Coral supports many data sources out of the box, like Datadog, GitHub, Linear, Sentry, Stripe and more — plus local JSONL and Parquet files.
Run coral source discover to see what's in your build, or check the
bundled sources reference
for the canonical list. If the source you need isn't there, you can
write a custom source,
or let us know you'd like Coral to support a data source you use.

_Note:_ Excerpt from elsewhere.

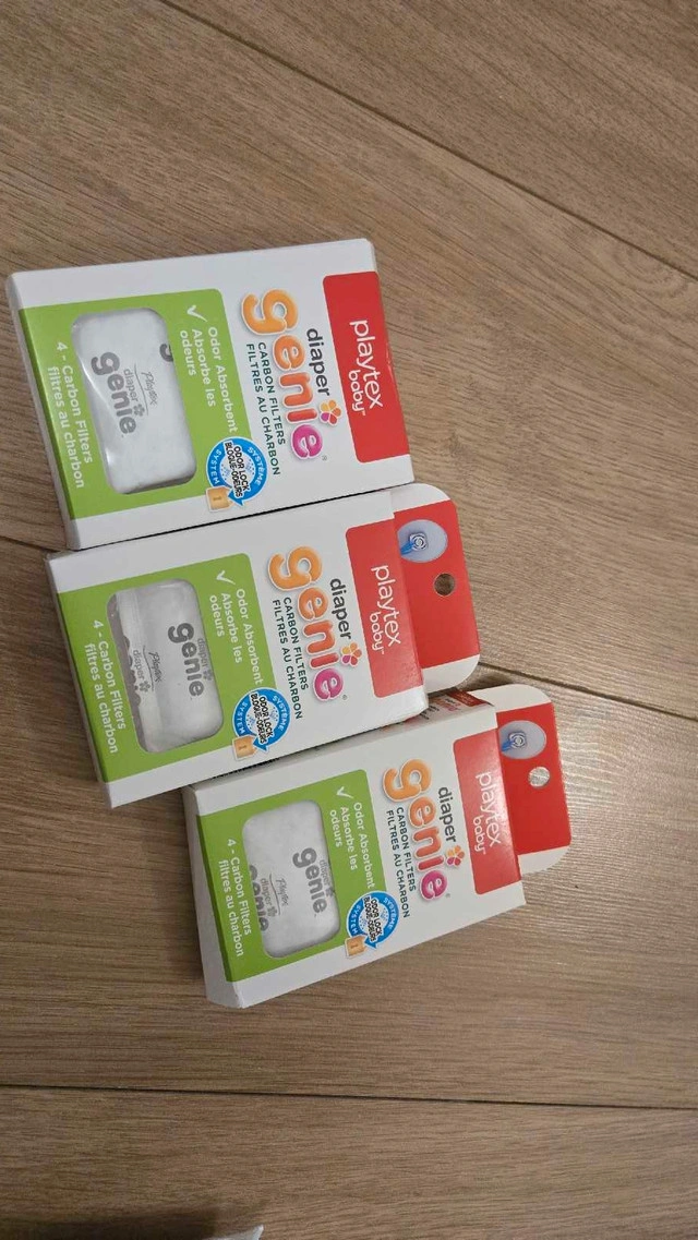 10I'm selling three packs of new Playtex Diaper Genie carbon filters that effectively absorb odours to keep your nursery fresh. Each pack contains 4 carbon filters. Easy to install. Keeps nursery fresh. Keep your nursery smelling like a field of daisies (or at least not like a diaper pail)! Grab these filters and breathe easy. If the ad is up, they're still available!

This gets you from a fresh install
of Coral to your first SQL query. If you prefer an interactive wizard, you can run
coral onboard, which guides you through everything covered below.
On macOS:
brew install withcoral/tap/coralOr on Linux:
curl -fsSL https://withcoral.com/install.sh | shOr on Windows 10/11 x86_64, download
coral-x86_64-pc-windows-msvc.zip from the latest GitHub release and put
coral.exe on your PATH.
See all install options.
coral source discoverThis lists the bundled sources available in your build.

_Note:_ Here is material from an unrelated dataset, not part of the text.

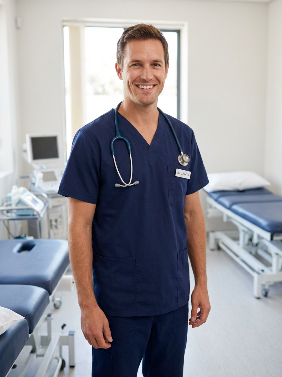 model as healthcare professional, neat scrubs in navy blue, warm genuine smile, clinical setting

For example, add GitHub interactively:
coral source add --interactive githubCoral prompts for any required variables or secrets. For scripted setup, omit
--interactive and provide each input as an environment variable of the same
name, such as GITHUB_TOKEN=ghp_... coral source add github. Once connected,
the source's data is available as SQL tables. To update a source's credentials
later, run the same command again.
Use coral.tables and coral.table_functions to see available query surfaces:
coral sql "SELECT schema_name, table_name FROM coral.tables ORDER BY 1, 2"
coral sql "SELECT schema_name, function_name FROM coral.table_functions ORDER BY 1, 2"Assuming you've connected GitHub, try listing open issues for a repo:
coral sql "
SELECT number, title, state, created_at
FROM github.issues
WHERE owner = 'withcoral' AND repo = 'coral' AND state = 'open'
ORDER BY created_at DESC
LIMIT 10
"- Use Coral over MCP — expose Coral to Claude Code, Cursor, or VS Code over MCP so your agent can query sources directly
- Write a custom source spec — connect any HTTP API or local dataset that isn't bundled yet
- Install Coral skills — teach your coding agent how to use Coral
Coral ships with a built-in MCP server that presents Coral to your agent as a read-only SQL database. Once you've added at least one source, wire Coral into your agent:
claude mcp add --scope user coral -- coral mcp-stdio # Claude Code
codex mcp add coral -- coral mcp-stdio # CodexFor Cursor, VS Code, Claude Desktop, OpenCode, and manual config examples, see Use Coral over MCP.
Coral also publishes a set of skills that teach your agent the
discovery-first SQL workflow (list_catalog, coral.tables,
coral.table_functions, coral.columns, etc.):
npx skills add withcoral/skillsOnce connected, ask your agent to "list the tables available in Coral" or to
run a small query. It should use list_catalog, search_catalog, or the
coral.tables / coral.table_functions metadata tables as database catalog
discovery, then answer with SQL over your visible schemas, tables, and table
functions.
Coral stores local state in its platform-specific configuration directory.
You can override the config directory with:
export CORAL_CONFIG_DIR=/path/to/coral-configImportant files include:
config.tomlfor installed-source metadata and non-secret variables- imported source specs under
workspaces/<workspace>/sources/<source>/manifest.yaml - source secrets stored separately within the same local trust boundary
Bundled source specs are not copied into the config directory. Coral resolves them from the current binary when you validate or query a bundled source, so upgrades pick up newer bundled manifests without re-adding the source.
Install the local test runner once with Homebrew:
brew install cargo-nextestOr install it with Cargo:
cargo install cargo-nextest --lockedRun the workspace validation gate from the repository root:
make rust-checksFor setup guides, reference docs, and examples, visit withcoral.com/docs.
Questions, ideas, and show-and-tell are welcome in our Discord or on GitHub issues.
Contributions are welcome, especially bug fixes, tests, documentation improvements, source improvements, and user-facing usability improvements.
Please read CONTRIBUTING.md before opening a pull
request.
Please do not report security issues in public issues or pull requests. See
SECURITY.md.
Coral is licensed under the Apache License 2.0. See LICENSE.